Our Team

Nadeen Bir
Nadeen Bir
Director of Finance and Human Resources
Nadeen Bir (she, her) is a Palestinian-American who grew up in Kentucky and South Carolina. Since 2002, she has worked with social justice movements in North Carolina, particularly with immigrant/Latinx communities, farmworkers, and labor rights organizations. She has worked with youth of all ages and families and has held various leadership positions at El Pueblo, IUE-CWA nonprofit workers union, El Centro Hispano, and Student Action with Farmworkers. She has fought for in-state tuition, an end to child labor, and supported worker-led campaigns. Most recently, she worked as the Associate Director at Southern Vision Alliance, a Southern regional movement infrastructure organization working to disrupt and transform power for collective liberation. Nadeen studied Spanish and political science at the College of Charleston, SC. She enjoys spending time in nature with her family and their dog Mr. Scruffers.
Coral Feigin
Coral Feigin
Director of Organizational Development

Coral (she, her) is an abolitionist organizer, freedom schemer and behind-the-scenes infrastructure builder based in Middle Tennessee. She is a queer white Jewish trans femme who has worked in racial, gender, and economic justice movements for over 10 years. Coral has organized with organizations including Critical Resistance, the Transgender Gendervariant Intersex Justice Project, and the Western Regional Advocacy Project to fight for a world free of policing, imprisonment, surveillance, and the criminal legal system. She fell in love with Southern queer and trans organizers which siren sung her to root herself in the struggle for liberation in the South.

Neesha Powell-Ingabire                                                                                         
Director of Popular Education

Neesha Powell-Ingabire (any respectful pronouns) is a coastal Georgia-born-and-raised movement journalist, essayist, community & cultural organizer, resource mobilizer, cat parent, spouse, and auntie living in Atlanta/occupied Muscogee territory.

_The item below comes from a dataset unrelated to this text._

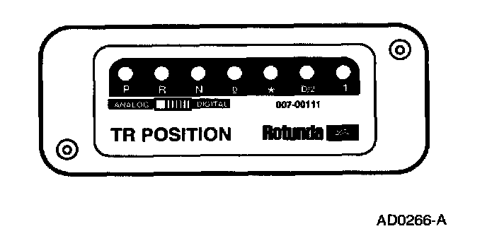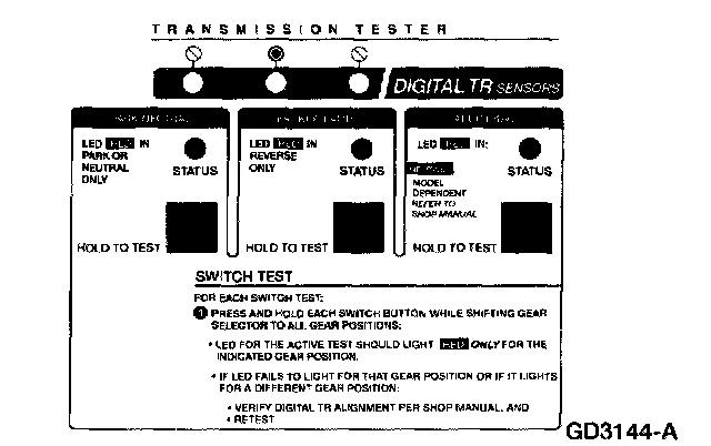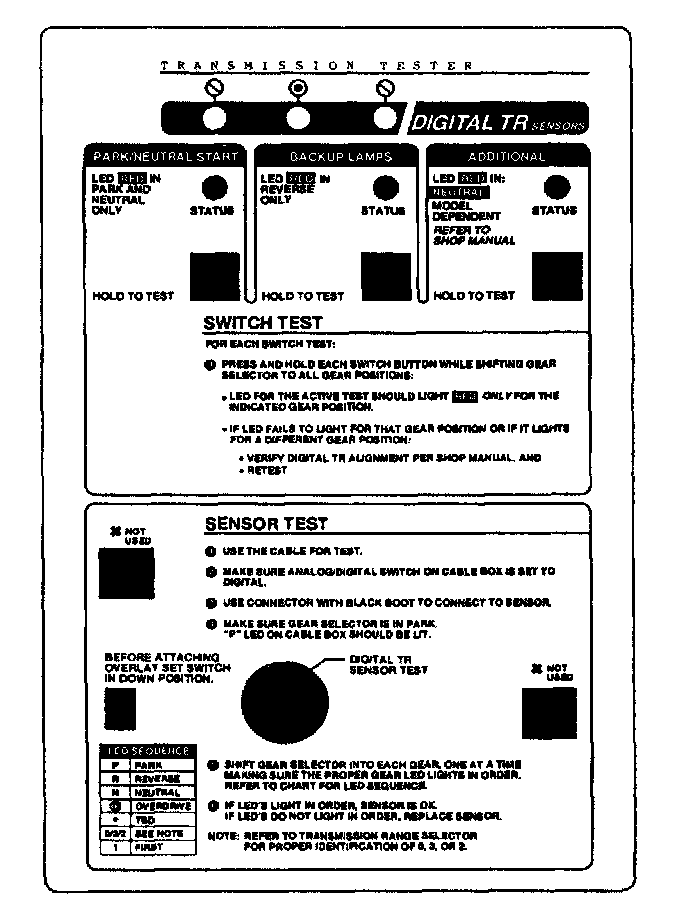 INTRODUCTIONThe Transmission Tester and TR Testing Cable "E" 418-F107 (007-00111) or equivalent with Digital TR Sensor Overlay 007-00131 or equivalent allows a technician to test the digital TR sensor independent of vehicle electronics. Digital TR sensor testing is divided into four steps:

She first engaged with Press On in 2019 as one of the inaugural Freedomways reporting fellows, producing two stories about reproductive injustices in Georgia and collaborating with SPARK Reproductive Justice NOW on a live podcast about how fake clinics (so-called “crisis pregnancy centers”) harm pregnant people by coercing them into not seeking abortion care. She also received a grant from Press On’s Southern Movement Media Fund in 2020, allowing her to report on environmental threats to Gullah Geechee culture in her home county.

Neesha graduated with a Master of Fine Arts in Creative Writing from Georgia College. Over the past decade, her writing has been published in various online and print publications, including Harper’s Bazaar, Oxford American, Scalawag, and VICE. She reports on the justice movements of the Black, trans, queer, and Southern communities to which she belongs and writes essays to recover her own history and the histories of her ancestors and their ancestral homes. Her debut book, Come By Here: Memory, Murder, and Homecoming on Georgia’s Geechee Coast, will be published by Hub City Press in fall 2024.